Well...I woke up at 4:15 today. Typical, just like when I was a kid at Christmas time. LOL. Even came to the office to check the internet and print out my scouting report from a couple weeks ago.

First day of another big upland season. I hope you all enjoy it and have a very safe and happy hunt! Get your grouse and partridge!

Shoot often, hit most!


----------



## fishless (Aug 2, 2005)

Good luck NJ, post up some picks if you can!


----------



## Dick Monson (Aug 12, 2002)

It was a good morning to be in the field with clear cool weather unlike last year. The wind had 'em flushing a little early though.
[siteimg]4937[/siteimg]

I tried to talk the gal in the cafe into renting out wall lockers for hunters so they could change into dry boots and leave their stinky socks there but she didn't think so.


----------



## mburgess (Aug 11, 2003)

I got out a little later than I wanted at about 1:30. Brother-in-law and I put on some miles and ended up with 4 sharps and 1 hun. We hunted some perfect sharptail cover that I always get 10-12 flushes out of and only moved 4 sharps all day. It was pretty windy and it seems like they disappear on windy days, but it was still a productive day and beautiful one at that.
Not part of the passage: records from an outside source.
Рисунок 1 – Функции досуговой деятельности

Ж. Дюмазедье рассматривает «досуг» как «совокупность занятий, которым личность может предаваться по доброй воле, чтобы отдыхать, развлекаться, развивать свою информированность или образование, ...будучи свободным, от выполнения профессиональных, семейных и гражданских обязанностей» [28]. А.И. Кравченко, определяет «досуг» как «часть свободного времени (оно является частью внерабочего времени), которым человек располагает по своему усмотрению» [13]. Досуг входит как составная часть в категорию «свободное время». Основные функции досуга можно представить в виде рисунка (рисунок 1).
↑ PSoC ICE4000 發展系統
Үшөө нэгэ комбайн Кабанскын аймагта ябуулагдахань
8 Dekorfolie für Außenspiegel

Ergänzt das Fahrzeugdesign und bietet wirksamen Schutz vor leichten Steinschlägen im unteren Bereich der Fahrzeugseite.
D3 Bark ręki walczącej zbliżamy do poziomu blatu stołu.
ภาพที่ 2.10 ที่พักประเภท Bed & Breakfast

Dick that is a nice looking bird dog you have there. Something about those fuzzy faces that makes me smile. :lol:


----------



## Springer (Dec 21, 2004)

My 10 year old got his first upland bird today. A nice sharp, over a nice point by our GSP. I'll post up a picture later.
I got my limit by noon, and when my son and I quit about 2 our group of five had eleven birds. We were seeing quit a few south of petersburg.


----------



## Turner (Oct 7, 2005)

We ended up with 18 on sat and only 4 on sunday (only hunted till noon). Over all it was a really good hunt, the dog did great.


----------



## njsimonson (Sep 24, 2002)

The weekend was one of the best I've ever had in the field! 
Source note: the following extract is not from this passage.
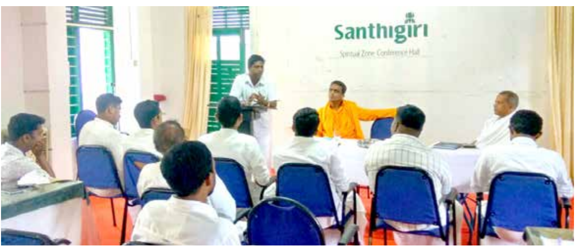
ശാന്തിമഹിമ ഗവേണിങ് കമ്മിറ്റി യോഗം

(ദൈവസന്ദേശം പകുവയ്ക്കുന്ന നിമിഷാർദ്ധങ്ങൾ - അഭിവന്ദ്യ ശിഷ്യപുജിതയുടെ പ്രഭാഷണത്തിൽ നിന്ന്)
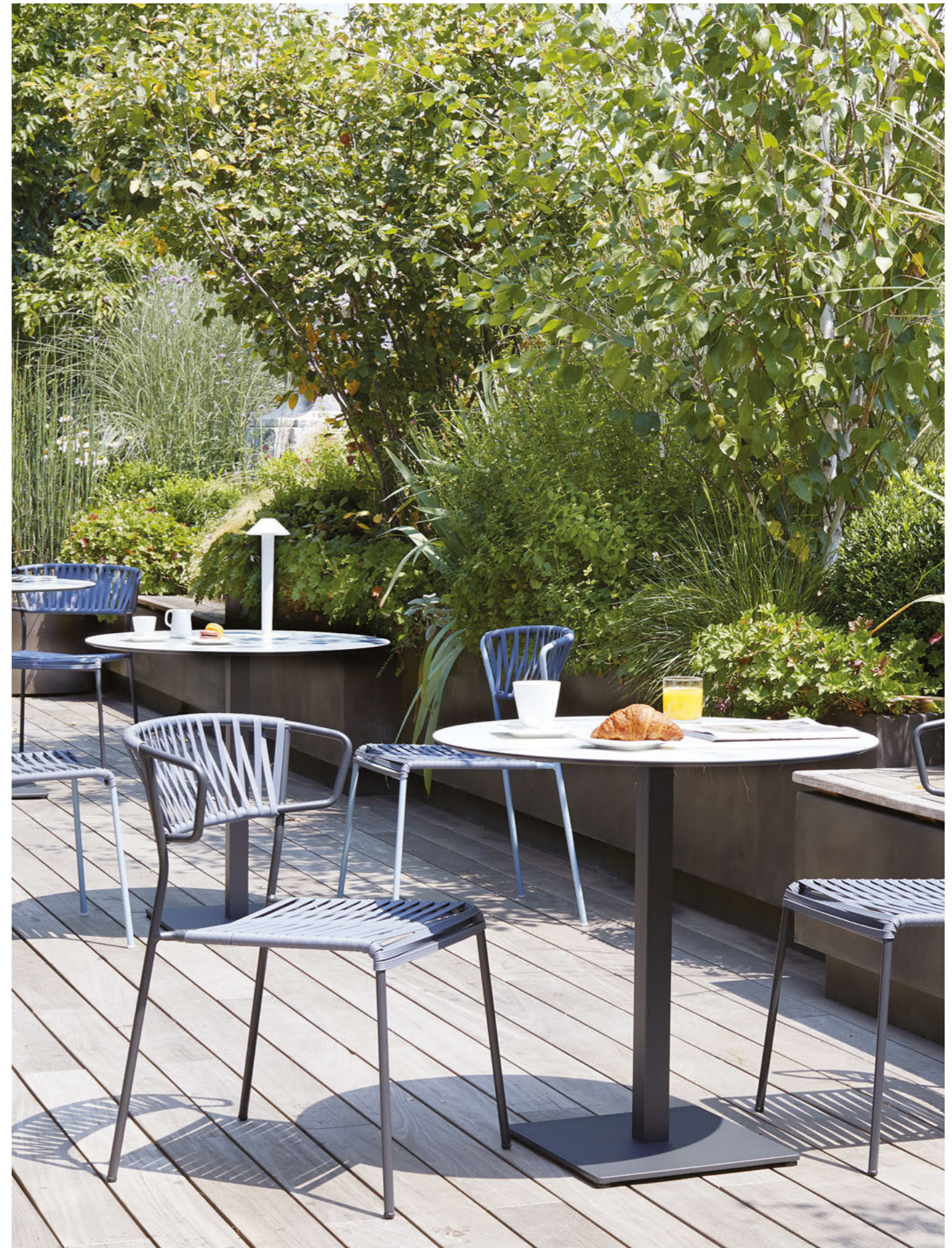
Armchair Poltrona Lisa Club, art. 2873 Chair Sedia Lisa Club, art. 2874 Base Tiffany, art. 5182

Telaio in acciaio zincato e verniciato a polvere, intreccio in estruso di PVC.

We got six sharpies the first morning hunting along CRP and alfalfa. I shot three birds in four shots, no doubt my best shooting ever and my first limit of grouse ever. We got one partridge in the evening hunt closer to VC.










On Sunday we got eight grouse. I shot two in two shots, and then went 0-for-9 on three birds the dog flushed for me, they must've been supergrouse. I'm sure he was peeved, good thing my buddies picked up my slack and got their three birds each for him to retrieve.
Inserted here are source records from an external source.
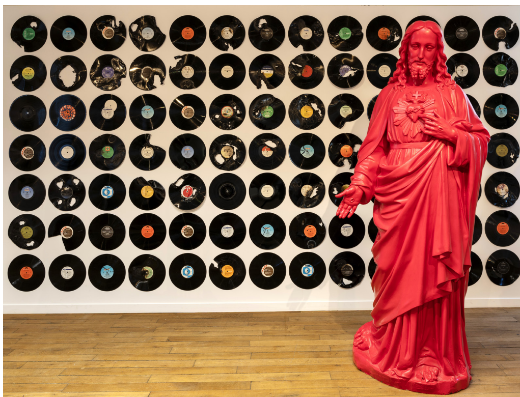
Milan Knížák, sans titre, 1990, Collection Gino Di Maggio

Installée aux côtés du Conservatoire et de l'École d'art de Blois/ Agglopolys dans les murs d'un ancien couvent (17 e -18 e s.) converti en diverses institutions d'enseignement
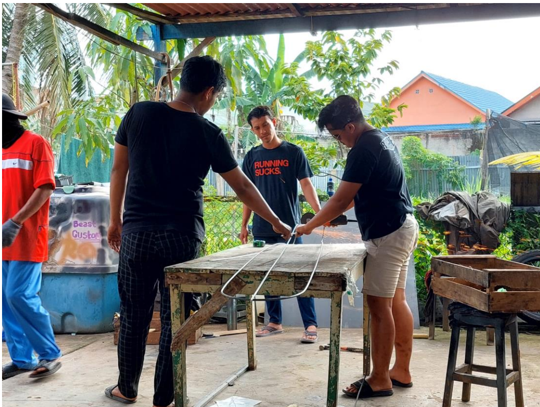
Gambar L3.28 Pada Saat Pabrikasi 4
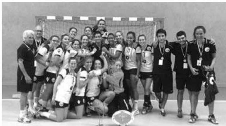
Selecção conquistou recentemente um torneio em França.

Terminada a fase de grupos, as duas primeiras classificadas seguem para a fase denominada por 'Main Round', onde vão cruzar com as duas primeiras do Grupo B - Dinamarca, França, Holanda e Montenegro; as terceiras e quartas classificadas seguem para a fase intermédia da competição. P. V. L.
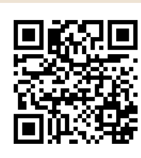
PROCURADURÍA DE LOS DERECHOS HUMANOS DEL ESTADO DE GUANAJUATO
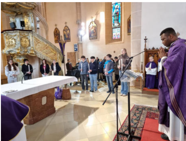
Links: 22. März 26, 09:15: Tafernerungsmesse der Firmlinge, St. Stephan
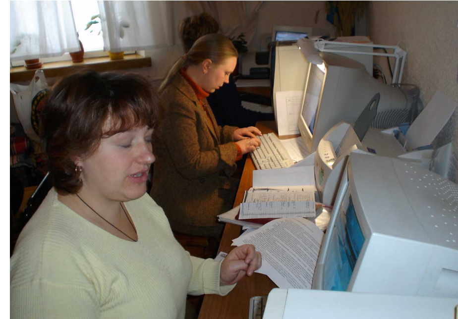
„Informationen zu bekommen, ist so nötig wie die Luft zum Atmen“
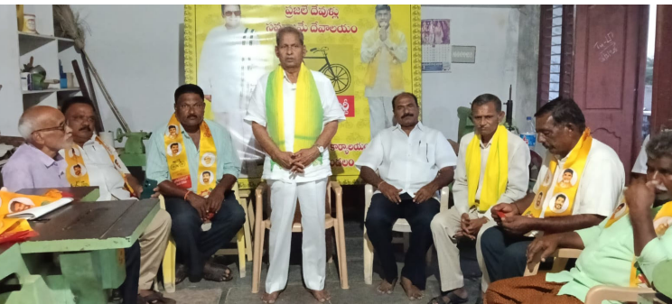
బోసకల్ మార్చి 25 ప్రజావేదిక ప్రతినిధి:
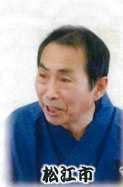
松江市 楽生亭楽笑
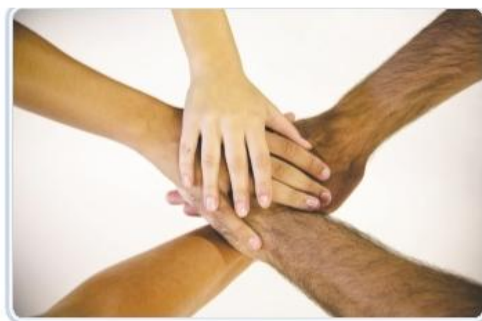
Figura 6 – Segurança em equipe

A eficácia e a eficiência das normas regulamentadas relativas à Segurança do Trabalho e prevenção de acidentes na Constituição Federal, CLT, Leis Previdenciárias (Lei nº 8.212/91 e 8.213/91) entre outras somente poderão ser realidade se houver integração de todos, empregado, empregador, União e sociedade, é um trabalho em equipe conforme ilustração.
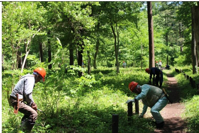
刈払機の前に、手鎌で壺刈りをする
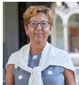
Olga Lanau, directora general del CSUC.

Espero que aquest petit document us sigui útil per valorar el camí que estem fent i, també, com no podia ser d'altra manera, per poder suggerir i fer les propostes de millora que considereu adequades.
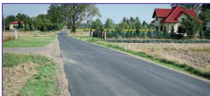
Droga na ul. Klonowej w Jakubowicach Konińskich
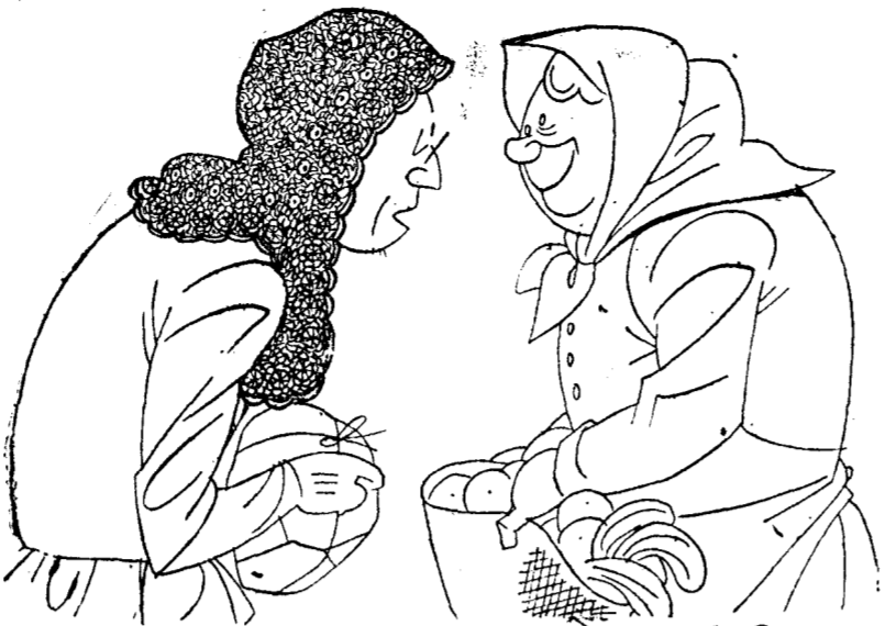
—Bueno, pero ¿qué es eso de fotografías milimétricas? —Son unas que entran mil en la media docena.
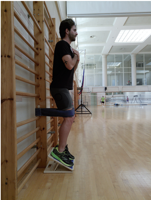
Figura 5 Cinturón ruso (posición inicial).
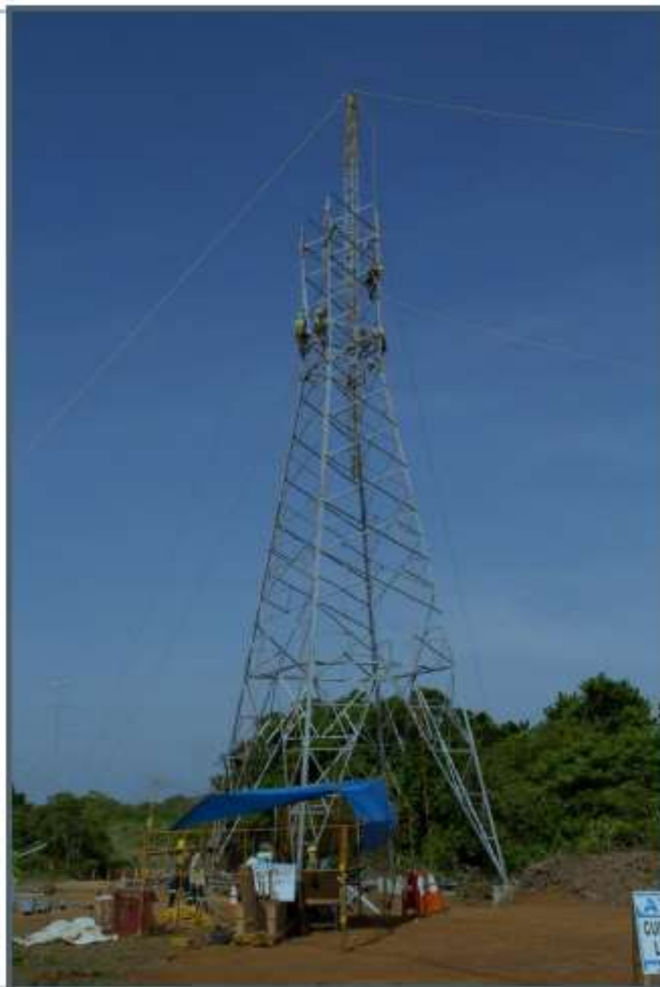
Montaje de Torres – Torre 512 TXA1
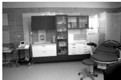
Nový porodní box v Nemocnici Ostrov

Součástí rekonstrukce sálů byla komplexní obměna přístrojového vybavení a příslušenství. Klientky jsou tak při příjmu k porodu i během přípravy na porod vyšetřovány na špičkovém moderním 3D sonografu. Monitorovací předporodní místnost je kromě individuálně nastavitelné klimatizace a polohovacího lůžka vybavena i plazmovou televizí s DVD, kde si klientka může zvolit program dle vlastního přání.

We went out around five, after I finished mowing the lawn and we picked up two more partridge, not more than a mile out of town, the dog was excellent. I got one bird on two shots, so whatever had me misfiring the last half of the morning, went away.

Nothing could have been better for the weekend than watching my dog picking up where he left off at the end of last year, flushing coveys singletons, retrieving, and quartering with the wind. Too much fun.


----------



## Dick Monson (Aug 12, 2002)

It felt like Xmas morning today! 46 degrees and strong west wind spitting drizzel. Had to put the earlaps down. The first 3/4 mile produced nothing but cold hands. No gloves. I really appreciated the flannel lined pockets in my coat until I walked in 4 birds and got tangled up. Grouse 2, me 0. But ammo companies need business too. Sam pointed a brood of pheasant chicks that were still yellow fuzz with a black stripe. Must have hatched the 1st of the month.


----------